Mute Swan
Cygnus olor
Family Anatidae
Subfamily Cygninae

The mute swan is an ornamental park swan that was originally brought to America for its aesthetic value.  Now well-established, it is the only member of the swan subfamily Cygninae regularly seen in New England.

Identifying Traits (both sexes):

  • Pure white plumage
  • Long, sinuous neck, usually held in an S-curve when swimming
  • Bright orange bill with a prominent black knob
  • Usually swims with wings held erect
  • Legs black; set far back on body
  • Large, black webbed feet
  • Juvenile: Predominantly dingy brown, bill pale pink
  • Size: 150 cm (60”)
  • Weight: 11 kg (25 lbs.)
Adult male  

Voice: The mute swan is, unsurprisingly, mute.  However, swans have been known to hiss when their nests or young are threatened, and their wingbeats make a musical whistling sound.

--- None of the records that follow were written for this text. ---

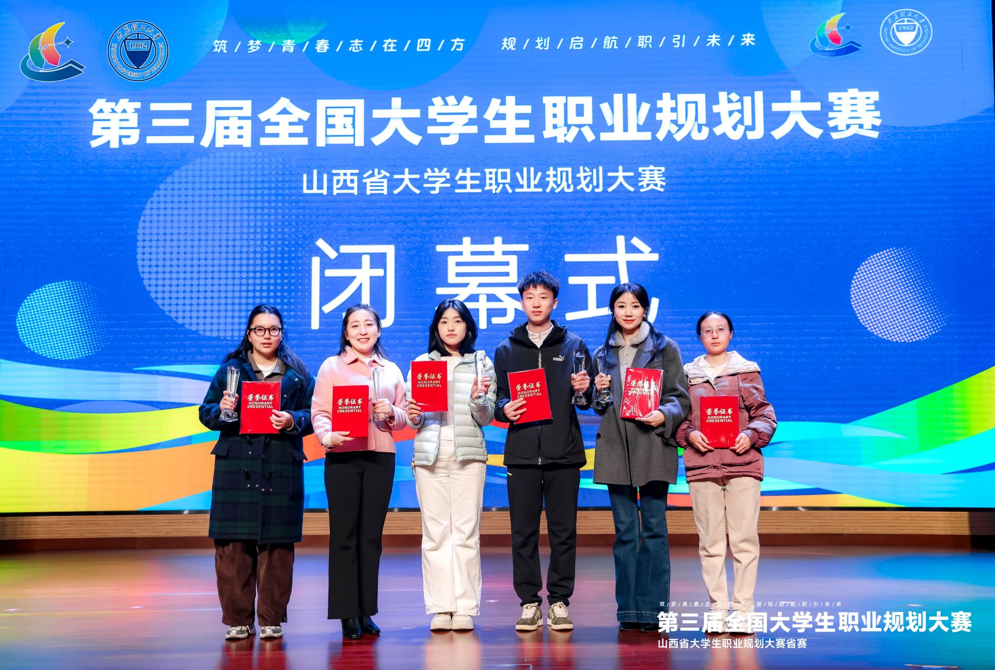 3月20日下午,第三届全国大学生职业规划大赛山西省赛颁奖典礼在太原理工大学举行,我校师生再创佳绩。课程教学赛道获银奖1项,学生赛道摘得金奖3项、银奖1项、铜奖1项,6名教师获优秀指导教师奖。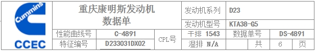 重慶康明斯發(fā)動機(jī)KTA38-G5數(shù)據(jù)單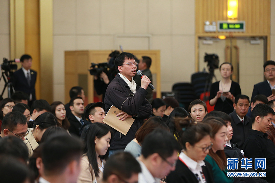 3月11日,十二屆全國人大五次會議新聞中心舉行記者會,邀請工業(yè)和信息化部部長苗圩、副部長辛國斌和總工程師、新聞發(fā)言人張峰就“推進(jìn)實(shí)施‘中國制造2025’”的相關(guān)問題回答中外記者的提問。圖為臺灣旺旺中時媒體集團(tuán)工商時報記者提問。新華網(wǎng)/中國政府網(wǎng) 傅義洲 攝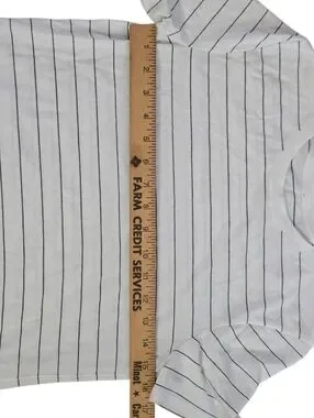 Casual short-sleeve crewneck tee with thin black stripes on a white base. Soft, breathable fabric for everyday comfort. Relaxed fit with a curved hem for easy layering. Classic striped design adds understated style.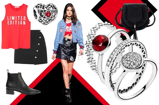Чтобы не сделать модный рок слишком «тяжелым», надень на каждый палец кольца ручной работы PANDORA с синтетическим рубином и горным хрусталем. А за рок-н-ролльную составляющую пусть отвечает топ с надписью, особенно актуальный в этом сезоне, и юбка в стиле 60-х с металлическими пуговицами по длине, нарочито небрежная укладка и, конечно же, сапоги-чопперы или «казаки». И не забудь кожаную куртку-косуху, которая спасет тебя от возможной вечерней прохлады!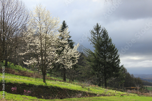 © まり子 佐藤, Fototapeta premium 春の野山の満開のコブシ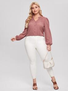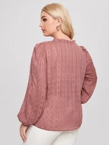 بلوزة بياقة بفتحة مقلم بكشكش بلون موحد مقاس كبير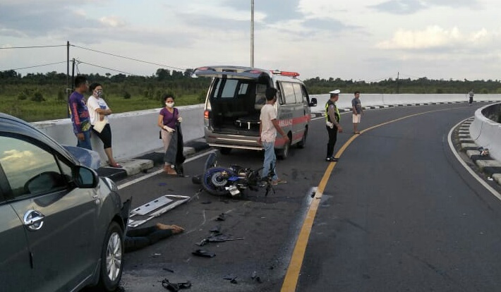 “Peristiwa ini dikarenakan pengendara sepeda motor dengan kecepatan tinggi,”kata M Syaufan Nor.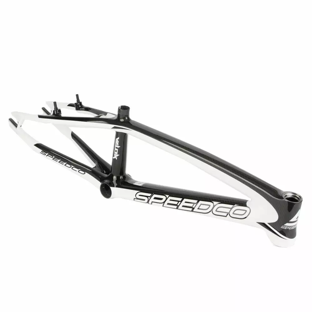 The SPEEDCO Velox 2 Carbon Frame – Gloss White/Black features T700 Toray carbon fiber, the highest strength carbon for BMX frames. The use of this material allows the Velox to maximize rigidity and strength while keeping it one of the lightest race frames on the market today. The Speedco Velox delivers 3 new sizes for the 2018 model year including the Pro XL-L and Pro XXL with an extended 15.25″ rear chainstay as well as the addition of a 22″ top tube Pro XXXL.
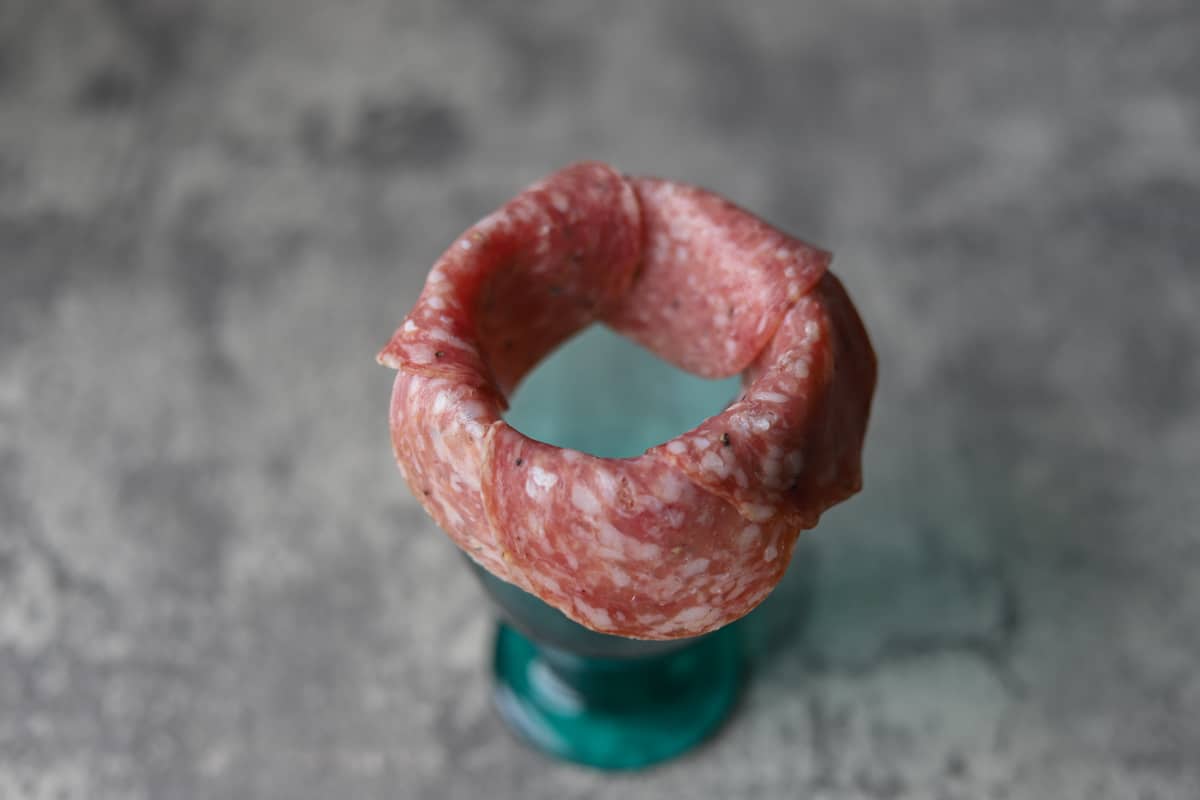 Cijela tajna vjernog izgleda mišića je u izrezanim detaljima od salame. Oči i brkovi su od masline.

Habitat: The mute swan lives in bodies of both fresh and salt water, including park ponds, coastal lagoons, and bays.

Range: The mute swan was introduced in the Northeast, and areas near the coast in Connecticut, Rhode Island, and Massachusetts comprise the majority of its New England range.

Interesting Facts: Except for a few special populations, every mute swan in the United Kingdom is property of the British monarch.